Global Study Shows Stablecoins Rising as Payment Tool
A global survey finds dollar-pegged tokens increasingly used for payments, savings, and cross-border income.
Stablecoins are rapidly evolving beyond their role as trading tools, emerging as a practical financial instrument for everyday transactions, savings, and international payments, according to a new global industry study.
The Stablecoin Utility Report 2026, published by BVNK in partnership with Coinbase and Artemis, draws on a YouGov survey of 4,658 adults across 15 countries. It highlights how a market now exceeding $300 billion in total stablecoin supply is increasingly integrated into personal finance and business activity worldwide.
Designed to maintain a 1:1 peg with fiat currencies, most commonly the U.S. dollar, stablecoins such as Tether’s USDT and Circle’s USDC have grown into a cornerstone of digital payments infrastructure. While trading remains a major use case, the report suggests their role is expanding rapidly into daily financial life.
Stablecoins Move Into Savings and Personal Finance
More than half of survey respondents said they held stablecoins within the past year, and 56% plan to acquire more over the next 12 months. Among non-holders, 13% said they intend to start using them, signaling continued adoption momentum.
The study also found that stablecoins are becoming a meaningful component of personal balance sheets. On average, holders reported allocating roughly one-third of their total savings to crypto and stablecoins combined.
Usage patterns vary significantly by region. Adoption is strongest in low- and middle-income economies, where currency volatility and limited access to efficient cross-border payments make stablecoins particularly attractive. Africa recorded the highest ownership rates and strongest forward intent to increase holdings.
“Stablecoins are being used in the real world because they solve real-world problems. People are already getting paid and spending stablecoins, especially where traditional payments are slow, expensive, or unreliable. They’re using them like everyday money.”

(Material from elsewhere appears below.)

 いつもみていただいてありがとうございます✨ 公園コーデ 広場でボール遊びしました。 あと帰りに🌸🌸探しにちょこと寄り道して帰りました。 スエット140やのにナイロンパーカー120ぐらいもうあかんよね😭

— Chris Harmse, co-founder of BVNK
Spending, Payments, and Merchant Demand
The report indicates that stablecoins are not just being stored—they are actively circulating.
Among holders:
- 27% spend stablecoins directly on goods and services
- 45% convert them into local currency for purchases
- More than one-quarter transact within days, and about two-thirds do so within months
Merchant demand is also growing. 52% of respondents said they made a purchase specifically because a business accepted stablecoins, suggesting consumer interest may be outpacing current merchant infrastructure.
Across spending categories—from everyday purchases to larger lifestyle expenses—desired use exceeded current usage, pointing to unmet demand for wider acceptance.

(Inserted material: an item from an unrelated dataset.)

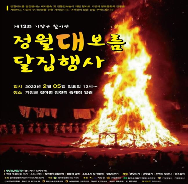 행사내용: 소망포쓰기, 무형문화재공연, 지신밟기, 고사 지내기, 무료 차 나눔, 달집 태우기 등

Cross-Border Workers and Income Streams
For freelancers, gig workers, and online sellers, stablecoins are becoming an essential payment rail rather than a niche tool.

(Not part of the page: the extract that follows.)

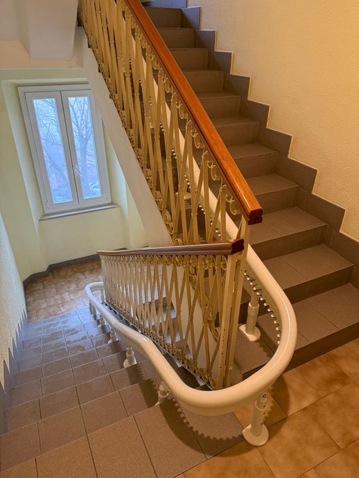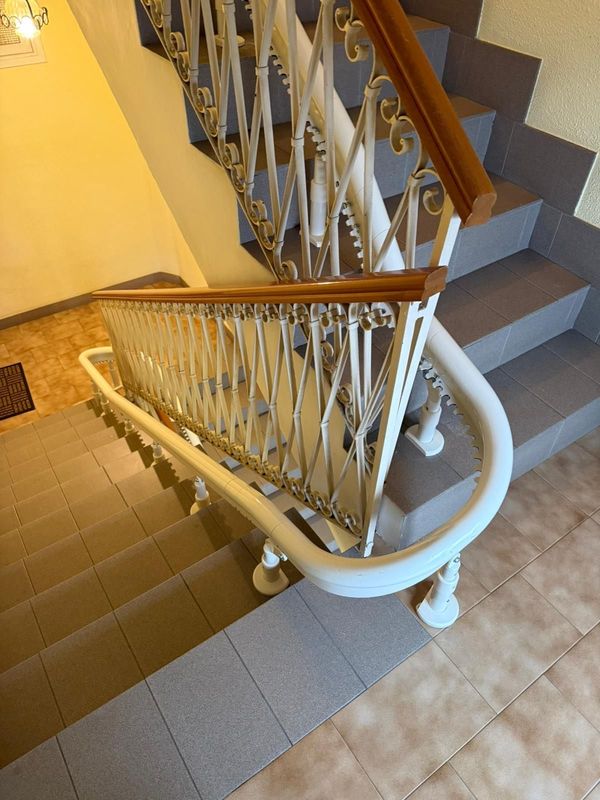 È la poltroncina montascale con guida curva, adatta per superare tante rampe di scale. Bella, robusta e solida, è sicura per gli anziani, semplice da utilizzare, è comoda e pratica grazie alla pedana poggiapiedi e ai braccioli particolarmente resistenti. È adatta anche per installazioni esterne.

Among respondents receiving payments in stablecoins:
- Tokens accounted for about 35% of annual earnings on average
- Nearly three-quarters said stablecoins improved their ability to work with international clients
- Around 75% of marketplace sellers reported higher sales or expanded customer bases
Cost efficiency remains a central driver. Users receiving crypto payments or remittances reported average fee savings of roughly 40% compared with traditional remittance and payment systems.
Lower transaction costs, improved security, and seamless international transfers ranked as the top reasons for choosing stablecoins over conventional financial services.
“In many emerging economies, people have adopted stablecoins out of necessity,” said John Turner, Group Product Manager for stablecoins at Coinbase. “What’s changing now is that people in developed markets are starting to feel the same frustrations with money movement. They want payments that are instant, global and low-cost. As regulation develops across the US, UK, and Europe, stablecoins are increasingly being seen as a practical upgrade to existing payment systems, rather than a niche crypto product.”
Adoption Barriers Still Persist
Despite accelerating usage, the report identifies several friction points limiting the next phase of adoption.
The most common concerns include:
- Irreversible transactions and risk of losing funds
- Complex transaction processes
- Confusion around blockchain networks and wallet management
Users also expressed a desire for stablecoin payments to resemble mainstream financial tools, including universal merchant acceptance, transparent fees, and stronger consumer protections.
Regulatory Momentum and Market Outlook
The findings arrive as regulatory clarity begins to take shape in key markets, particularly in the United States.
Following the signing of the GENIUS Act, policymakers are working toward a comprehensive federal crypto framework that includes rules for dollar-backed tokens. Industry participants say debates around stablecoin yields and compliance structures remain unresolved, with pressure mounting to finalize regulations ahead of upcoming political milestones.
As legal frameworks evolve and payment infrastructure matures, stablecoins may increasingly shift from speculative assets to everyday financial tools. For many users—especially those navigating costly, slow, or unreliable payment systems—they are already functioning as a digital form of cash: borderless, programmable, and increasingly embedded in daily economic life.